GOAL OF THE EXERCISE:
Using the data below, restate exactly every line from the one with "精心挑選50個非常簡單又重要" up to and including the one with "Erhöhte Schweißfestigkeit: Das". No picture belongs in it.

DATA SECTION:
****************************************

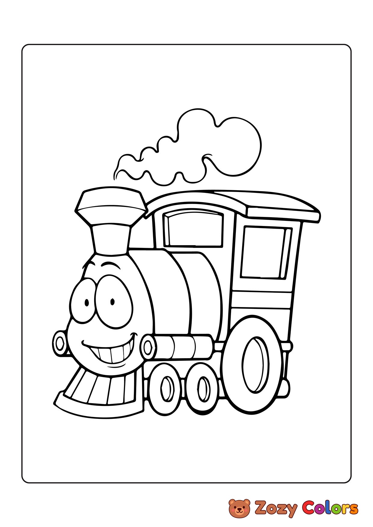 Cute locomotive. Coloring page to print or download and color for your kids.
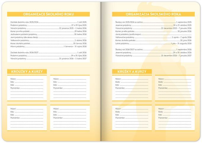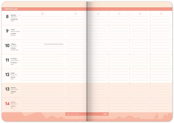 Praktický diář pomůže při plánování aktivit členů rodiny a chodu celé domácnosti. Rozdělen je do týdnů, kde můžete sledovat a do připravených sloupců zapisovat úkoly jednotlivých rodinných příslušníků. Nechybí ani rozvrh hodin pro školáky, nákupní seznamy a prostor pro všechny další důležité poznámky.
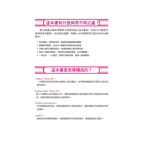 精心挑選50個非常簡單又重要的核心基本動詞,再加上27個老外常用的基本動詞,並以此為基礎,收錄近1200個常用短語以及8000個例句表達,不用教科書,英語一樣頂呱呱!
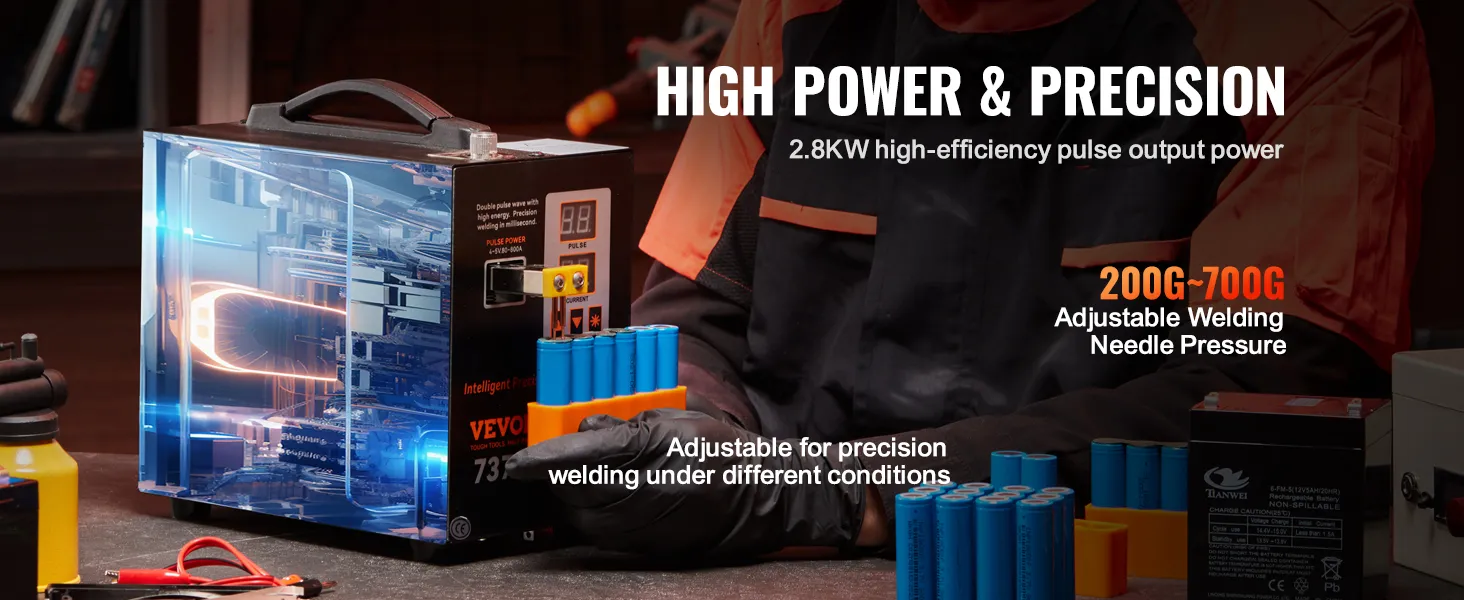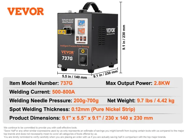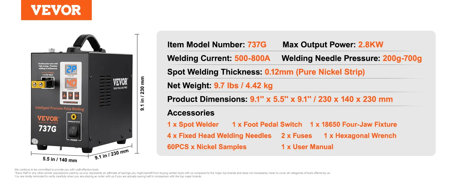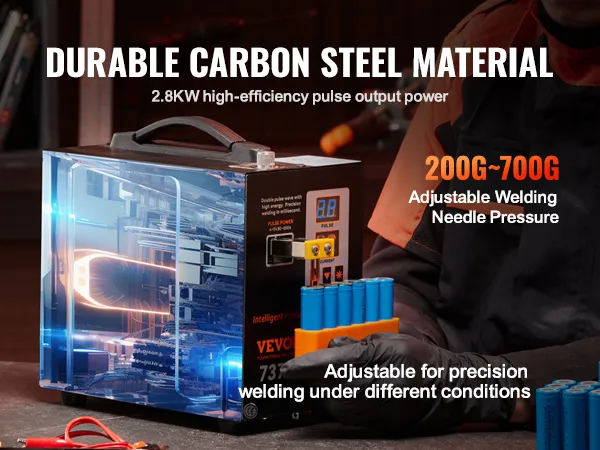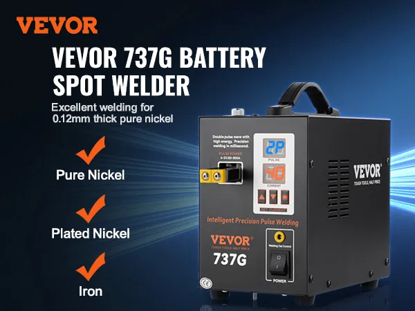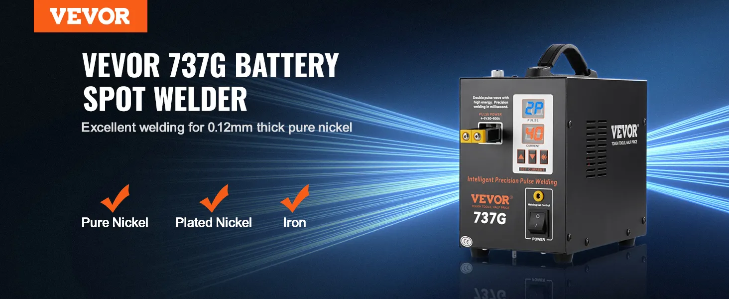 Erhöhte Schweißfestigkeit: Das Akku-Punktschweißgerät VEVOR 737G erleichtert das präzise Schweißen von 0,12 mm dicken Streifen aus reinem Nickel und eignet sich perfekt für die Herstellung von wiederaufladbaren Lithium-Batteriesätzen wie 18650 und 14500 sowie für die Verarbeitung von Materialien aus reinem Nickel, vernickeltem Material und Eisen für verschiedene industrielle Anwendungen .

****************************************

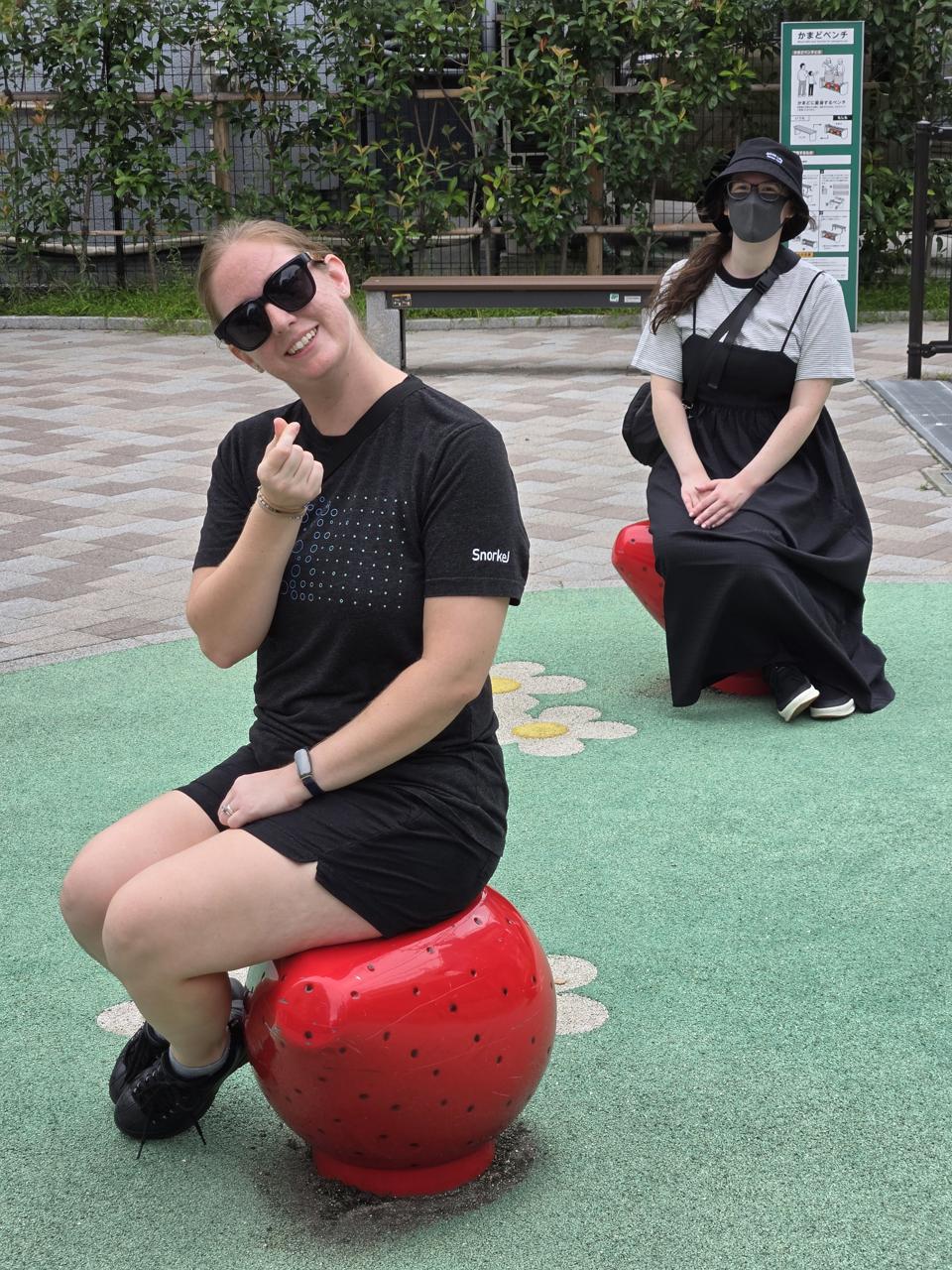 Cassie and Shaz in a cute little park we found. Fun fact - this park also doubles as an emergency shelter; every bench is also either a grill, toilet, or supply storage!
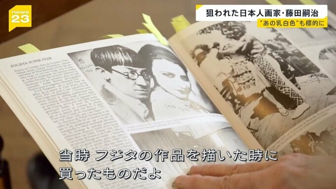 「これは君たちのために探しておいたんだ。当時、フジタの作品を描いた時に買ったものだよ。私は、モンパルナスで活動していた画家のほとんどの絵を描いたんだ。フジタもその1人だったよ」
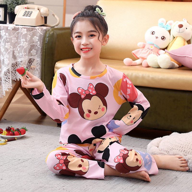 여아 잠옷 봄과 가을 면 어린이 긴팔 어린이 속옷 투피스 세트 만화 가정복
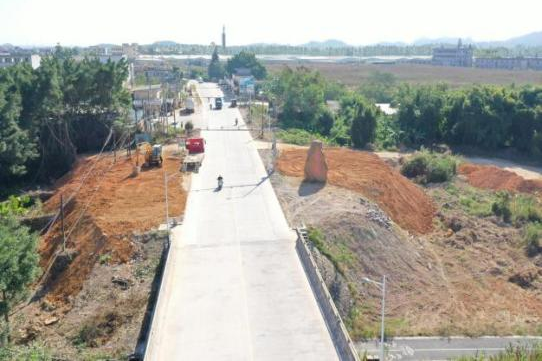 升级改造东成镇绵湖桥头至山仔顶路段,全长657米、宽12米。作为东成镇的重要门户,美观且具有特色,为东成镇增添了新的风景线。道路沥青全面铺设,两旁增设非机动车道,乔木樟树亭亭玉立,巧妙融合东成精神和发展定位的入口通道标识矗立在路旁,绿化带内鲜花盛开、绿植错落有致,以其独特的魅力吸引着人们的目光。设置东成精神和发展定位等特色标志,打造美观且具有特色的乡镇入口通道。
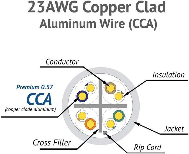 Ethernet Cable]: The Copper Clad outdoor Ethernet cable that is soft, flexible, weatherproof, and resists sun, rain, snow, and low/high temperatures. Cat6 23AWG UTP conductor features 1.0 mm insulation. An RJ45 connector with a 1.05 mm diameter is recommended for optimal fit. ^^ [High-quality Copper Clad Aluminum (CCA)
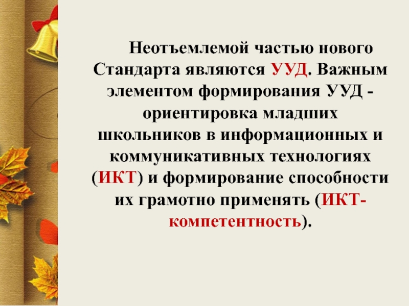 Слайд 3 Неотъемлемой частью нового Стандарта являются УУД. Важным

****************************************

OUTPUT BELOW:
 精心挑選50個非常簡單又重要的核心基本動詞,再加上27個老外常用的基本動詞,並以此為基礎,收錄近1200個常用短語以及8000個例句表達,不用教科書,英語一樣頂呱呱!
 Erhöhte Schweißfestigkeit: Das Akku-Punktschweißgerät VEVOR 737G erleichtert das präzise Schweißen von 0,12 mm dicken Streifen aus reinem Nickel und eignet sich perfekt für die Herstellung von wiederaufladbaren Lithium-Batteriesätzen wie 18650 und 14500 sowie für die Verarbeitung von Materialien aus reinem Nickel, vernickeltem Material und Eisen für verschiedene industrielle Anwendungen .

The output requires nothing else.